I’m puzzled by this.
I presume MIT gets far more applicants with SATs >=1500 (or ACT equivalent) than it can admit.
So the winnowing process is clearly not over at SAT >= 1500.
Surely MIT also looks at courses, GPAs, etc.
But, assuming you have at least a slight cushion built in on these (i.e. you don’t demand a 4.0 uw, or that the kid took 18 AP classes just because that was theoretically possible at their HS), then I’m guessing that if your academic winnowing (for kids at strong HSs) is something like:
SAT>=1500
uwGPA>=3.9
AP courses (or equivalent) >= say, 7 or 8, and strong classes for the non-AP stuff
I would think you’re STILL in a position where you’d need a lot of winnowing.
But now you’re onto what, IMO, are the less reliable parts of the application. LoRs, essays, ECs, are all pretty coachable/gameable for high-resource students. And again, I’d guess a pretty high % of applicants are at least reasonably strong in all these areas.

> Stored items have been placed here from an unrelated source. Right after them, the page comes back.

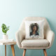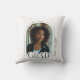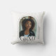 Ein modernes Abschluss-Sake-Kissen, das das Foto des Absolventen zeigt, zugeschnitten auf einen eleganten Bogen mit GRAD Typografie leicht über dem Foto. Im Bogen befindet sich der Text für das Klassenjahr. Auf der Seite, vertikal, ist der Name und die Schule des Absolventen. Klassisches Schwarz-Weiß-Design. © Kimbellished, LLC
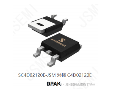 SC4D02120E-JSM 采用 TO-252-2 封装(又称 DPAK 封装),该封装形式与 C4D02120E 一致,引脚布局和外形尺寸完全兼容,可直接替换使用,无需修改 PCB 设计,为客户节省了产品升级的研发周期和成本。
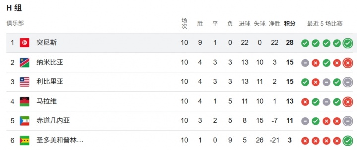 突尼斯早在第8轮就依然锁定小组第一提前晋级寰球杯,他们是曲洲区第二支晋级的队伍。
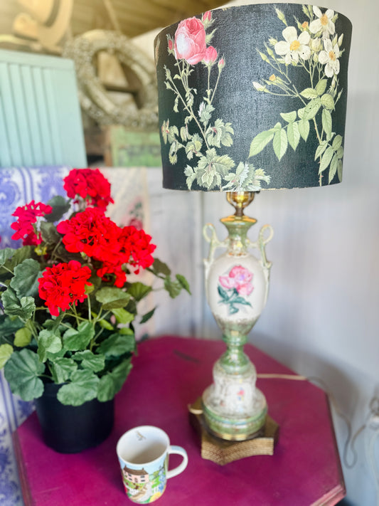 vintage Capodimonte lamp with custom one of a kind lampshade as seen in Debi's video
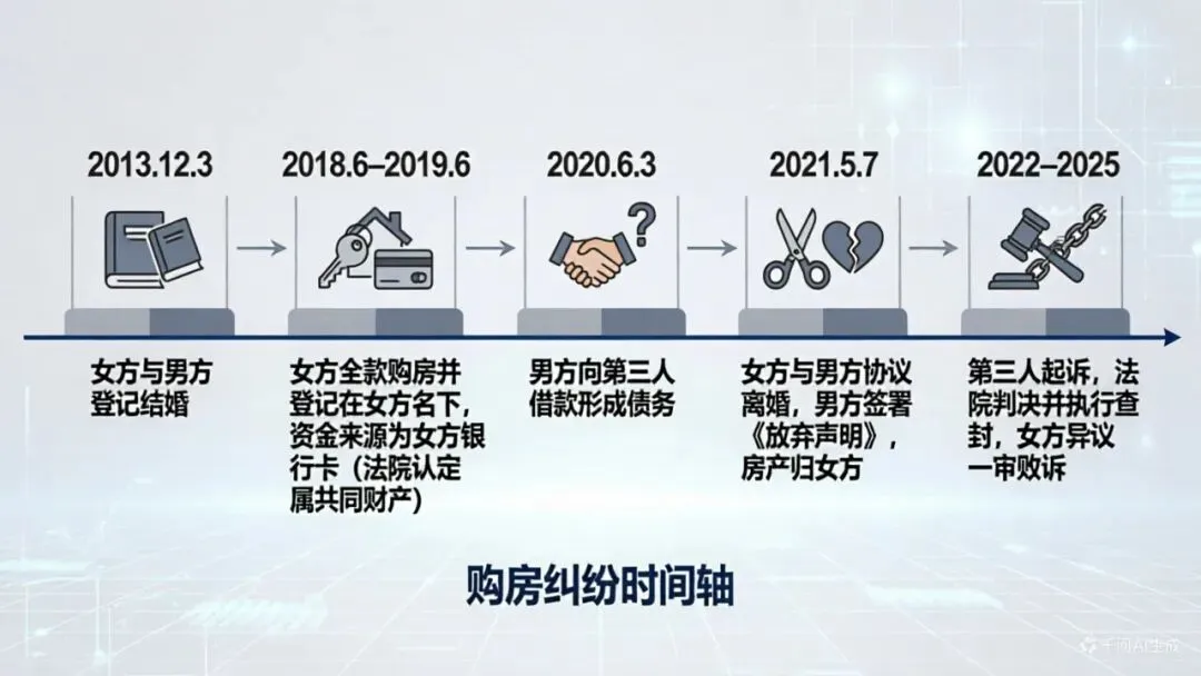 2025年12月,法院一审判决:驳回女方的诉讼请求,房产继续查封。
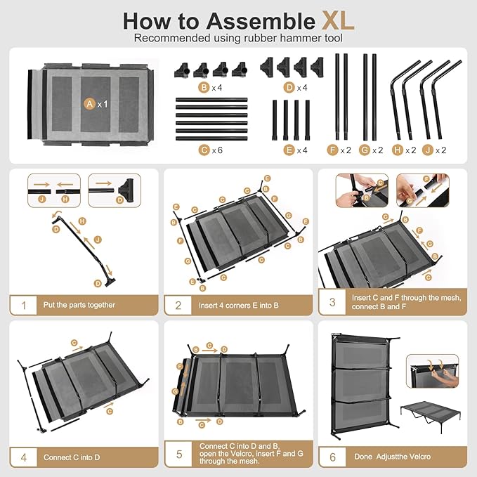 - [Easy Installation and Disassembly] Setting up the raised dog bed is a breeze. With its detachable design, you can quickly assemble or disassemble the bed with the help of tutorial videos and instructions.

At some point, you need to choose.
You could just do a lottery among qualified applicants (and, from the other side of the table, it feels this way sometimes). But I assume you don’t. So saying that, for the SAT, or any other significant component of the application, there’s a threshold that’s basically pass/fail, and stronger values within the “pass” zone don’t matter - it just seems odd and, frankly, unlikely.
I suppose you might respond that the SAT is ~pass/fail from MIT’s perspective, but the other components are not. But if so, that feels odd, and I’d appreciate a bit of explanation.